═════ Information shown ═════
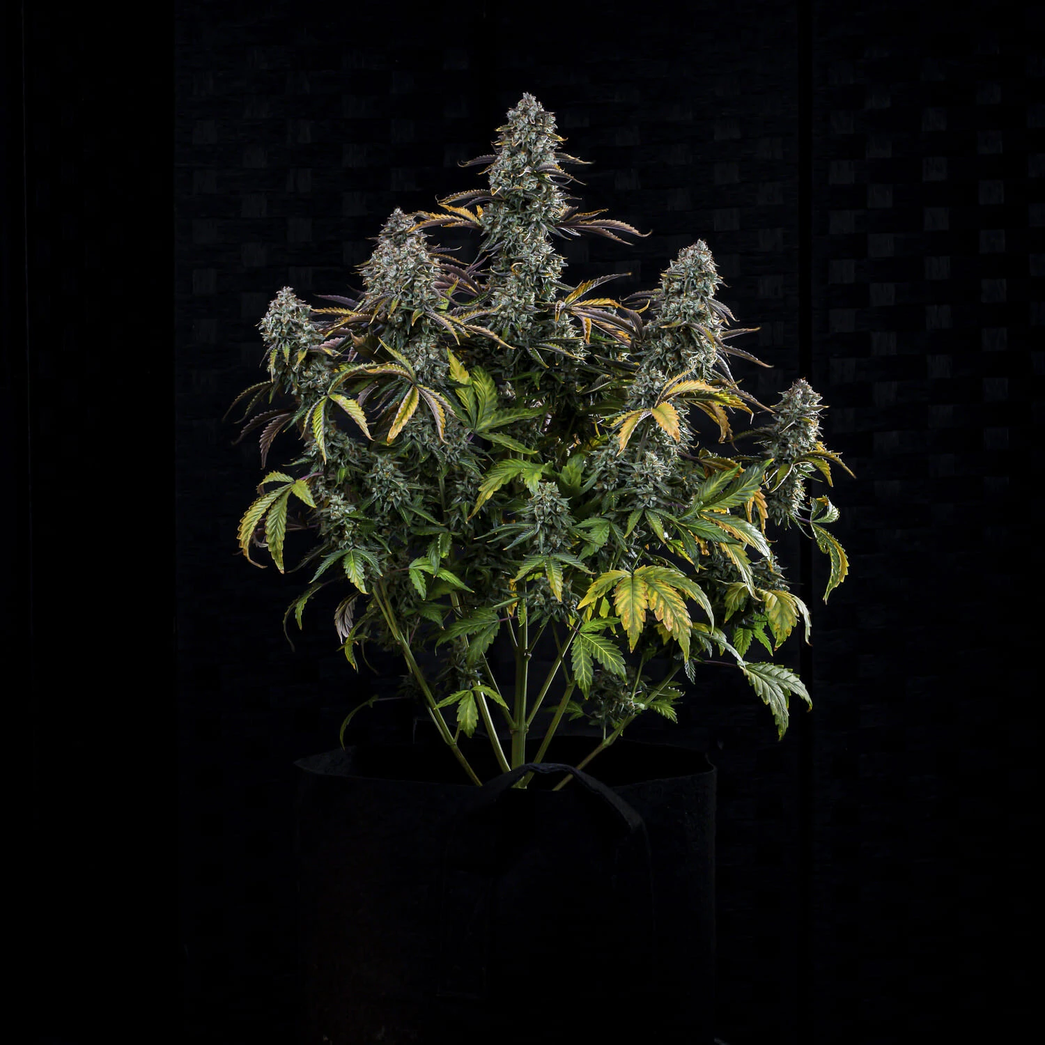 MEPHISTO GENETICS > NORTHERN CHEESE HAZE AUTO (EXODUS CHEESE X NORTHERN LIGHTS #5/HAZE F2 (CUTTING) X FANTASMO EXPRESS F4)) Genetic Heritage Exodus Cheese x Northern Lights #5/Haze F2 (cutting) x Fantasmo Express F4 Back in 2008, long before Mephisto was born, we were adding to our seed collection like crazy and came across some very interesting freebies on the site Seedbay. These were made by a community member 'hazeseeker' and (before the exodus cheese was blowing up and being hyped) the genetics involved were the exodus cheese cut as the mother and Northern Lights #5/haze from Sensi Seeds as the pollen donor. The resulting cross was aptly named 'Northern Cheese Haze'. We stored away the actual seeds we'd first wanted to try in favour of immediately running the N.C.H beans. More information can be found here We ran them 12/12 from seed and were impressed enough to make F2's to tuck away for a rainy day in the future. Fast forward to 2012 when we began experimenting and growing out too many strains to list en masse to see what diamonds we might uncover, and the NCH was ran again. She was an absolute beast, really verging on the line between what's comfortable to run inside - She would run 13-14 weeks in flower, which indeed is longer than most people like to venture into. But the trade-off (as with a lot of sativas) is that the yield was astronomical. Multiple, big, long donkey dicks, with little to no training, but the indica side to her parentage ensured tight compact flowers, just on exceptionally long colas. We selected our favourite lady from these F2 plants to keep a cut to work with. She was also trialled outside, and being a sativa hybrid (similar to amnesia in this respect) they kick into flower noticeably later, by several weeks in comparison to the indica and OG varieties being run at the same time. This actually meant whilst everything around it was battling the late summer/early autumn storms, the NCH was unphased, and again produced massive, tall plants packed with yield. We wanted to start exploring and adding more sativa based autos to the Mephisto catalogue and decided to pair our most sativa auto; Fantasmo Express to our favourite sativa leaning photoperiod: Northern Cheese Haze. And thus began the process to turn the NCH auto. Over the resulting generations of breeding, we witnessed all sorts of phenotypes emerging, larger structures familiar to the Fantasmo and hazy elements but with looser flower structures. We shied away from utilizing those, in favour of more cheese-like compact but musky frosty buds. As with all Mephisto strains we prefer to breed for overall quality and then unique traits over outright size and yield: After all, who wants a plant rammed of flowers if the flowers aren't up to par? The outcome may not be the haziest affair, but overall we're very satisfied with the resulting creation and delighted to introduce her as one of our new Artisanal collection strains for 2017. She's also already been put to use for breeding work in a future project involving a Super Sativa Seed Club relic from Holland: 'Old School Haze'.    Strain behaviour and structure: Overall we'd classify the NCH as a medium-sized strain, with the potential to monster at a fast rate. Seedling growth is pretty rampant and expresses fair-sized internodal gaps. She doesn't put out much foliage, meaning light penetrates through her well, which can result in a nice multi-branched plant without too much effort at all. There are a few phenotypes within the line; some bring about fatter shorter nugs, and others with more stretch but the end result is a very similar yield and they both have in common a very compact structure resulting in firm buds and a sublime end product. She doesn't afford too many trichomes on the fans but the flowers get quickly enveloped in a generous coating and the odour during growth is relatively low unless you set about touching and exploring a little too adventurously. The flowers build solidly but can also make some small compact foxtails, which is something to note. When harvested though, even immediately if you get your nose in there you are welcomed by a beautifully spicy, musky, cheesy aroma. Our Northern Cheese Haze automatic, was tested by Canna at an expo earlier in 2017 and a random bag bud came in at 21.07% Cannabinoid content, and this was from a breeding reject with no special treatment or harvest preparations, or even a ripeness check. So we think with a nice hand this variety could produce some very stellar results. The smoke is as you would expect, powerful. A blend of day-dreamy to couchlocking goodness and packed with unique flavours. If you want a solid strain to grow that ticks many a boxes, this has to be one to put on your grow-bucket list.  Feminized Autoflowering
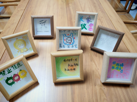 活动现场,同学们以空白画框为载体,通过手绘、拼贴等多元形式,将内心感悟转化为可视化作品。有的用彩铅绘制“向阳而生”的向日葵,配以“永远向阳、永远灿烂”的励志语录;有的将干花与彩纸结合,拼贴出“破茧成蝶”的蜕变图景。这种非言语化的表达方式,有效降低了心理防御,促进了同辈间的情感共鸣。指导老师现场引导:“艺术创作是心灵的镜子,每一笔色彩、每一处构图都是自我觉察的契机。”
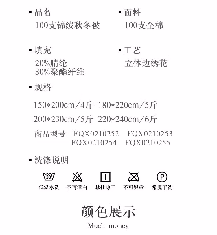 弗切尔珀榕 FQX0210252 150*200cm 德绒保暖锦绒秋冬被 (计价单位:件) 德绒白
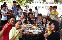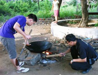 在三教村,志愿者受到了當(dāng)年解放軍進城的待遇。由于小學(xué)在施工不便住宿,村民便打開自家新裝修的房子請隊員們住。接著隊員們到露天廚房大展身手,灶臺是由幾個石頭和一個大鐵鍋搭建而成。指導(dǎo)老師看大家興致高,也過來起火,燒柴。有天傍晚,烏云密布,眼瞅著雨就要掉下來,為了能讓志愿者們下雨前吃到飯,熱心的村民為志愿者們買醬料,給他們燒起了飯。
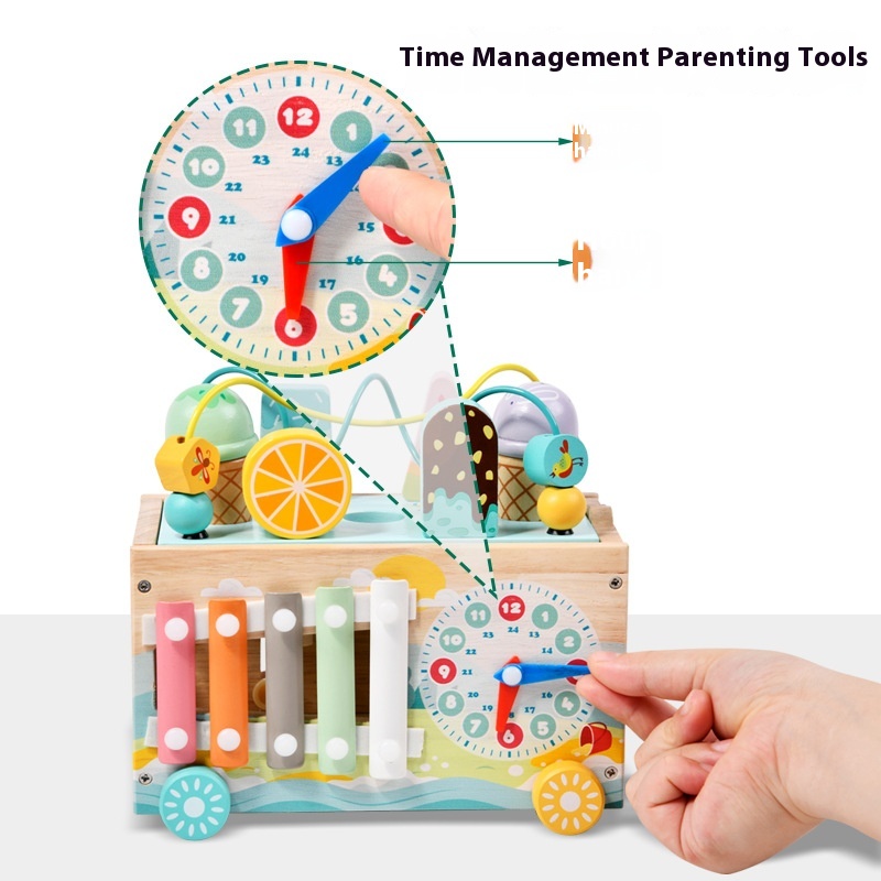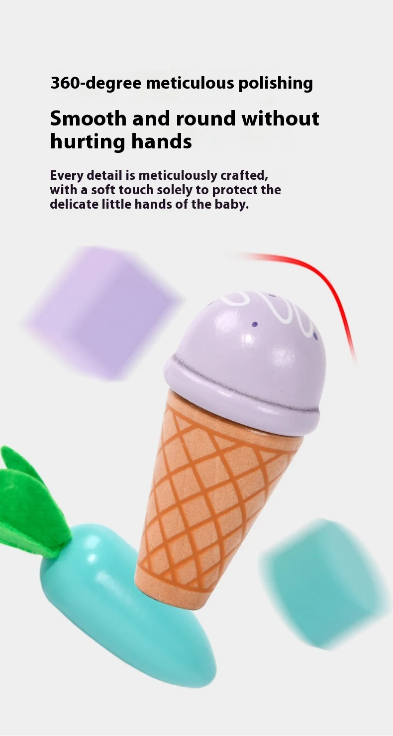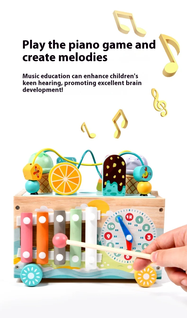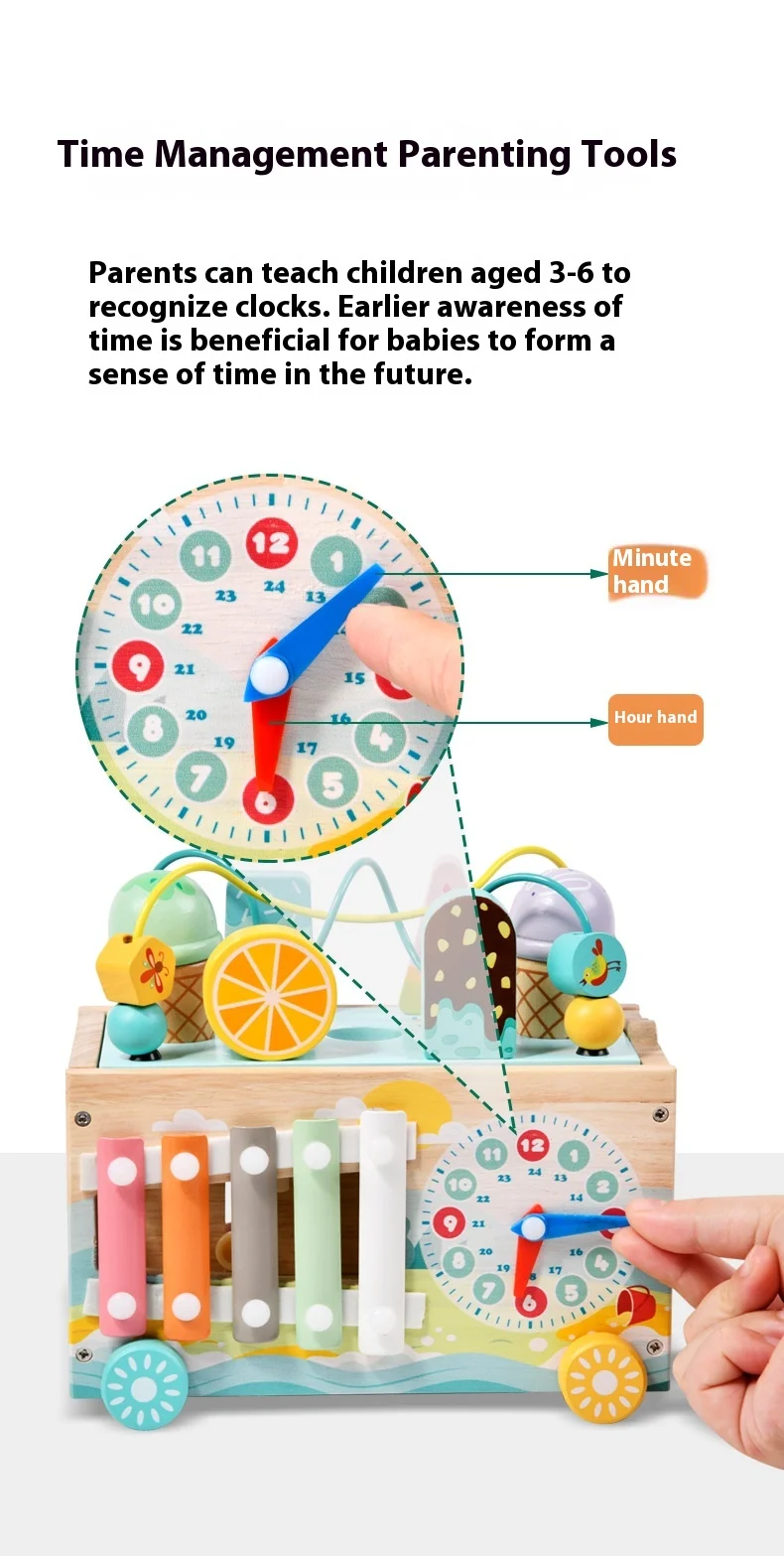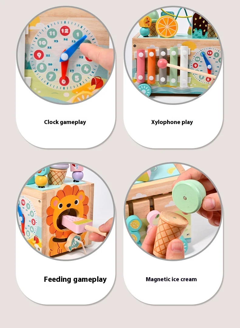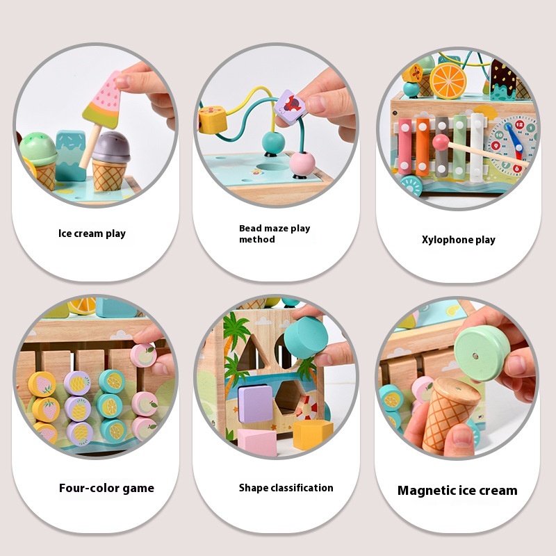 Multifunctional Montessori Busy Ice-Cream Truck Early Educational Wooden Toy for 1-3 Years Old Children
═════
To do:
Drop the pictures, then write out only the lines running from the one containing "在三教村,志愿者受到了當(d" through the last line above, both included, exactly.

Reply to the exercise:
 在三教村,志愿者受到了當(dāng)年解放軍進城的待遇。由于小學(xué)在施工不便住宿,村民便打開自家新裝修的房子請隊員們住。接著隊員們到露天廚房大展身手,灶臺是由幾個石頭和一個大鐵鍋搭建而成。指導(dǎo)老師看大家興致高,也過來起火,燒柴。有天傍晚,烏云密布,眼瞅著雨就要掉下來,為了能讓志愿者們下雨前吃到飯,熱心的村民為志愿者們買醬料,給他們燒起了飯。
 Multifunctional Montessori Busy Ice-Cream Truck Early Educational Wooden Toy for 1-3 Years Old Children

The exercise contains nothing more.